Data supplied >>

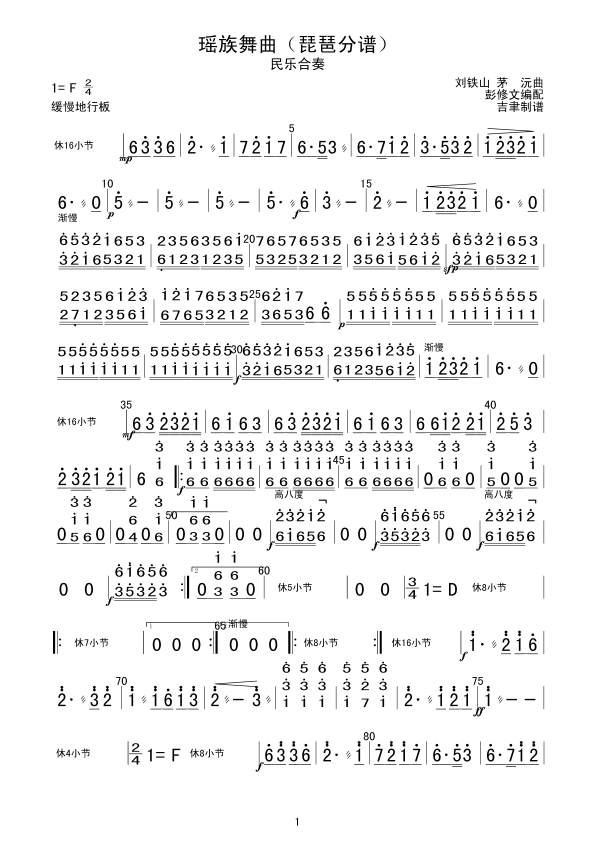 瑶族舞曲(琵琶分谱)简谱 曲谱
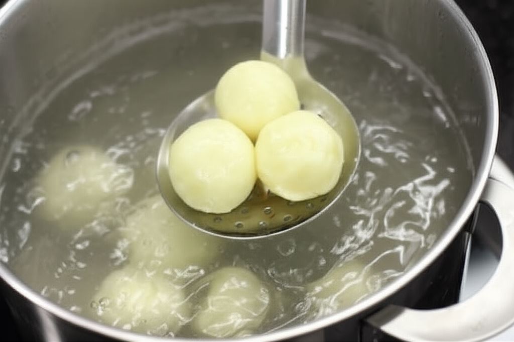 Przygotowane knedle wrzuć do wody i gotuj kilka minut, dopóki nie wypłyną.
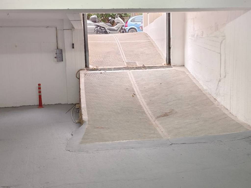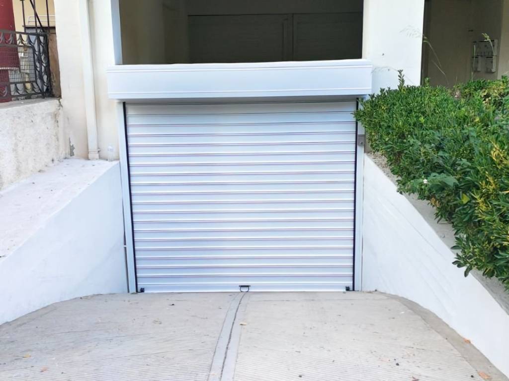 Θέση για μηχανή. Ηλεκτρική πόρτα, πυρόσβεση, κάμερες, φώτα με φωτοκύτταρα. Η τιμή είναι 165€ το τρίμηνο.
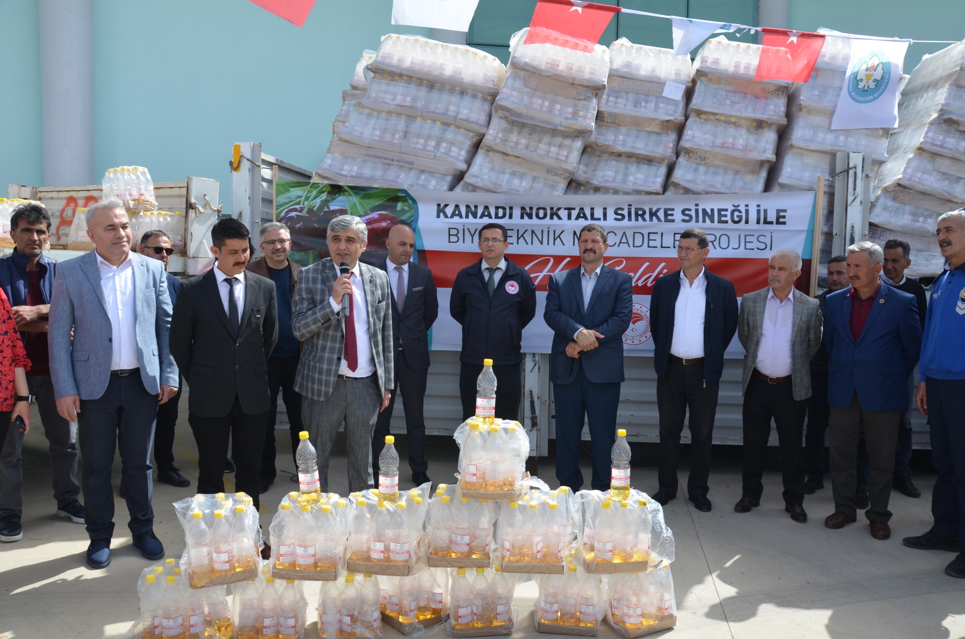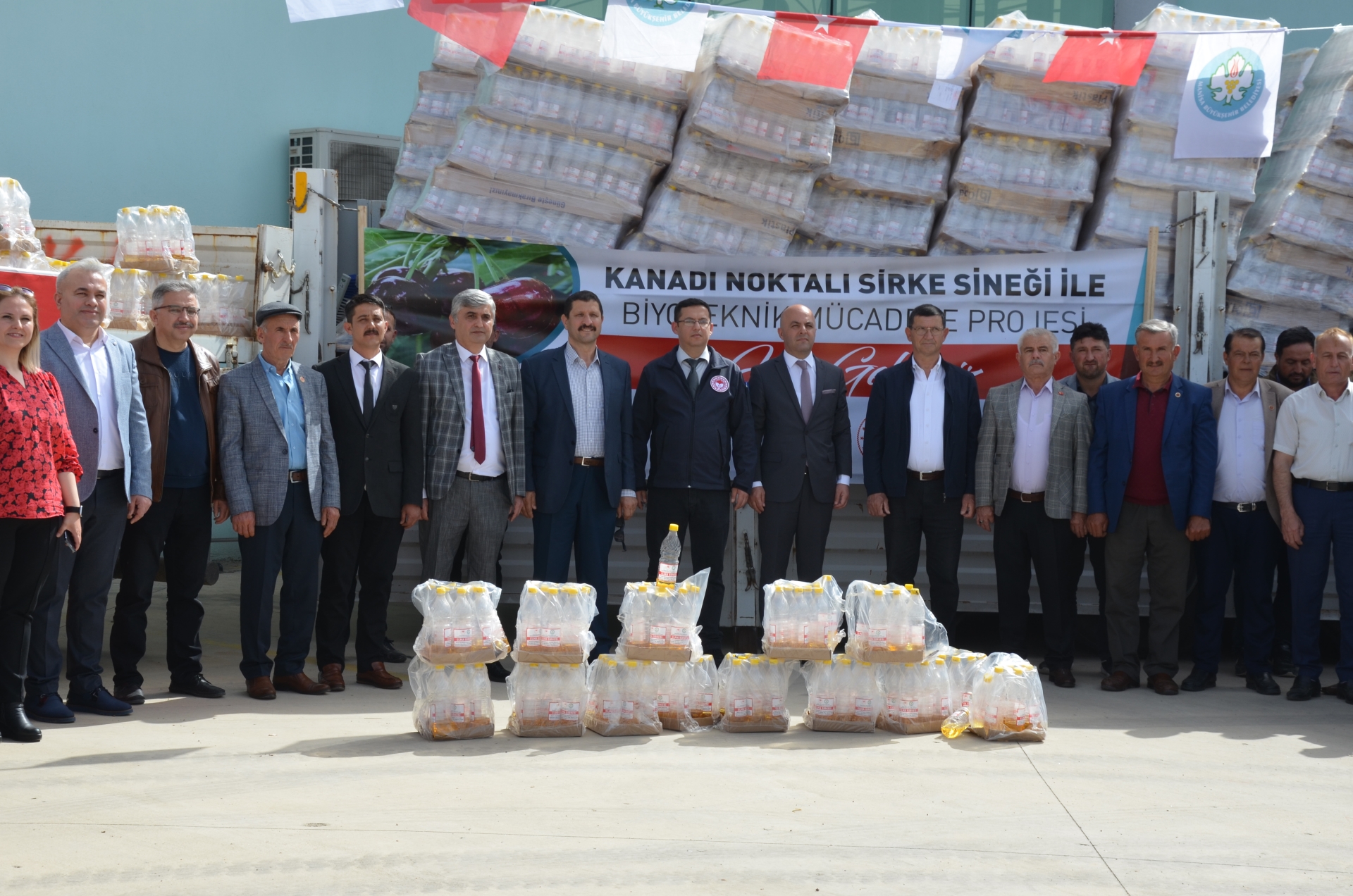 Kanadı noktalı sirke sineği ile biyoteknik mücadele projesi kapsamında Demirci ilçesinde 1010 dekar alanda kullanılmak üzere 36 bin 704 şişe elma sirkesi dağıtımı gerçekleştirildi.
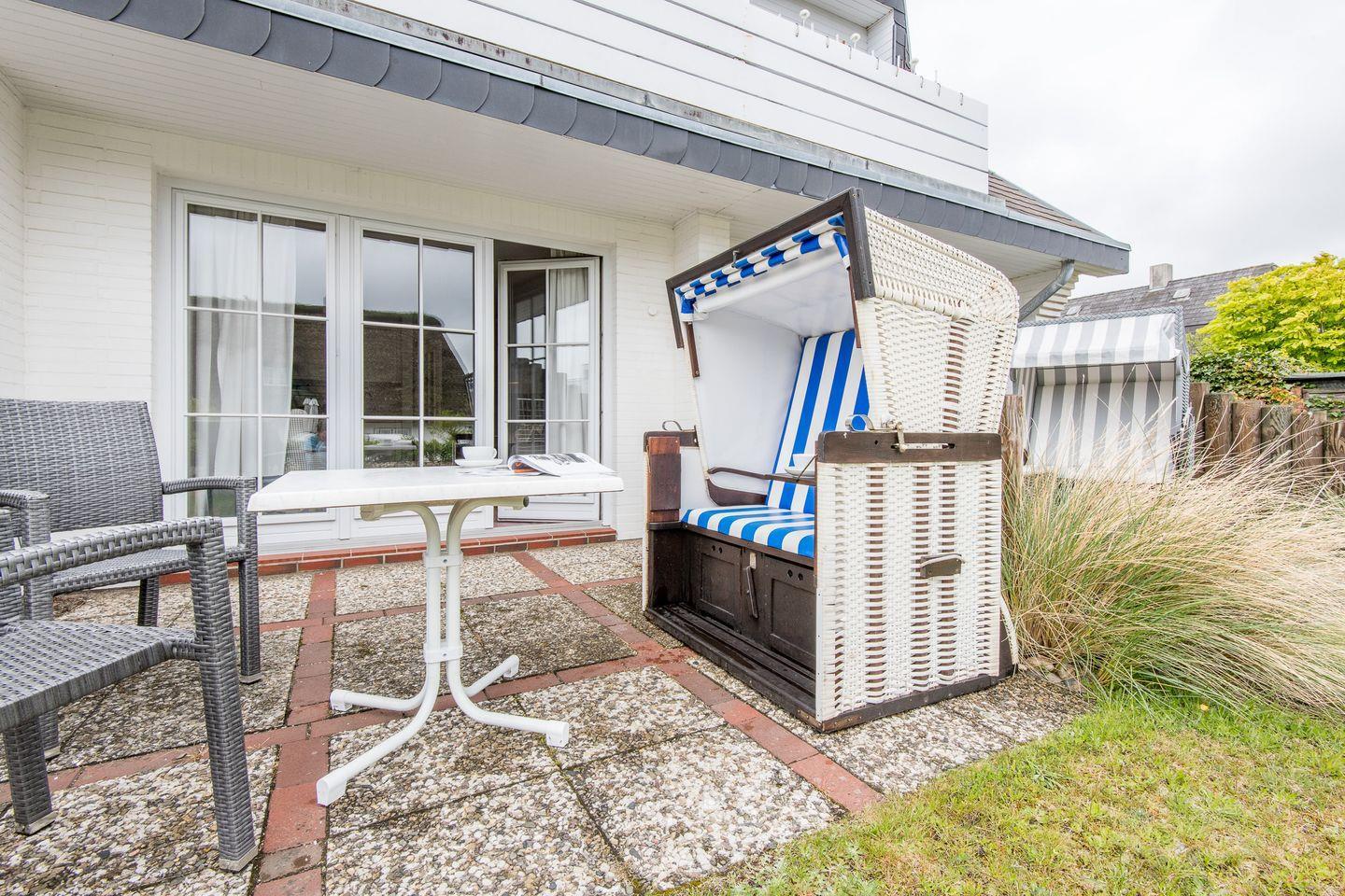 Moderne 2-Zimmer-Ferienwohnung mit Süd-Terrasse und WLAN in zentraler Lage Westerlands, strandnah und haustierfreundlich.
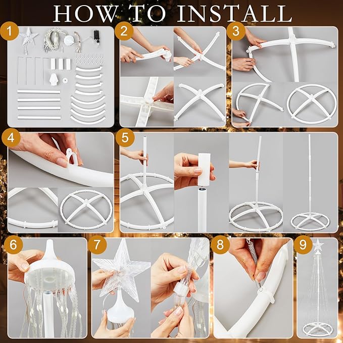 - 1 Pack Design: Includes 1 pcs 12ft foldable outdoor Christmas cone trees with 190 LED lights each, 12 strips plus star topper. Weather-resistant build ensures theses lighted Christmas trees lasting performance indoors or outdoors for holiday, party, or event decoration
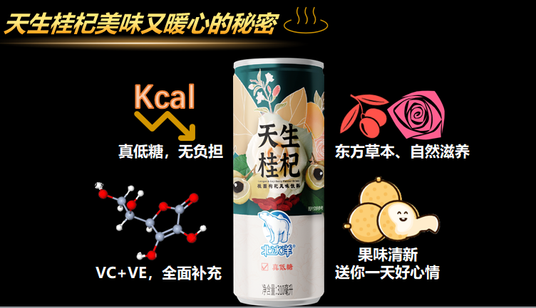 天生桂杞是一款集滋補(bǔ)氣血、養(yǎng)生駐顏、補(bǔ)充能量、增強(qiáng)免疫力為一體的暖心飲料。產(chǎn)品從消費(fèi)者需求出發(fā),原料十分考究。選用烏龍嶺鮮桂圓汁、中寧枸杞、山東平陰玫瑰和古法紅糖等優(yōu)質(zhì)天然原料,桂圓、枸杞、玫瑰這樣的神仙搭配除了賦予產(chǎn)品果香清新、花香淡雅的口感外,還具有滋補(bǔ)強(qiáng)體、養(yǎng)心安神、益脾開胃、和血養(yǎng)血、調(diào)經(jīng)等功效。天生桂杞中還添加了能清除自由基、祛斑美白、增強(qiáng)免疫力的維生素E和維生素C。有了這些原料的加持,可以說(shuō)天生桂杞是一款藥食同源、東西結(jié)合、多方位滋養(yǎng)的健康暖飲,無(wú)論是可愛(ài)的小姐姐還是中年的大叔們都能暢快喝,無(wú)負(fù)擔(dān),不長(zhǎng)胖。

Goal of the exercise >> The answer must be the listing above, restated word for word, with no images in it.

Written solution >>
 瑶族舞曲(琵琶分谱)简谱 曲谱
 Przygotowane knedle wrzuć do wody i gotuj kilka minut, dopóki nie wypłyną.
 Θέση για μηχανή. Ηλεκτρική πόρτα, πυρόσβεση, κάμερες, φώτα με φωτοκύτταρα. Η τιμή είναι 165€ το τρίμηνο.
 Kanadı noktalı sirke sineği ile biyoteknik mücadele projesi kapsamında Demirci ilçesinde 1010 dekar alanda kullanılmak üzere 36 bin 704 şişe elma sirkesi dağıtımı gerçekleştirildi.
 Moderne 2-Zimmer-Ferienwohnung mit Süd-Terrasse und WLAN in zentraler Lage Westerlands, strandnah und haustierfreundlich.
 - 1 Pack Design: Includes 1 pcs 12ft foldable outdoor Christmas cone trees with 190 LED lights each, 12 strips plus star topper. Weather-resistant build ensures theses lighted Christmas trees lasting performance indoors or outdoors for holiday, party, or event decoration
 天生桂杞是一款集滋補(bǔ)氣血、養(yǎng)生駐顏、補(bǔ)充能量、增強(qiáng)免疫力為一體的暖心飲料。產(chǎn)品從消費(fèi)者需求出發(fā),原料十分考究。選用烏龍嶺鮮桂圓汁、中寧枸杞、山東平陰玫瑰和古法紅糖等優(yōu)質(zhì)天然原料,桂圓、枸杞、玫瑰這樣的神仙搭配除了賦予產(chǎn)品果香清新、花香淡雅的口感外,還具有滋補(bǔ)強(qiáng)體、養(yǎng)心安神、益脾開胃、和血養(yǎng)血、調(diào)經(jīng)等功效。天生桂杞中還添加了能清除自由基、祛斑美白、增強(qiáng)免疫力的維生素E和維生素C。有了這些原料的加持,可以說(shuō)天生桂杞是一款藥食同源、東西結(jié)合、多方位滋養(yǎng)的健康暖飲,無(wú)論是可愛(ài)的小姐姐還是中年的大叔們都能暢快喝,無(wú)負(fù)擔(dān),不長(zhǎng)胖。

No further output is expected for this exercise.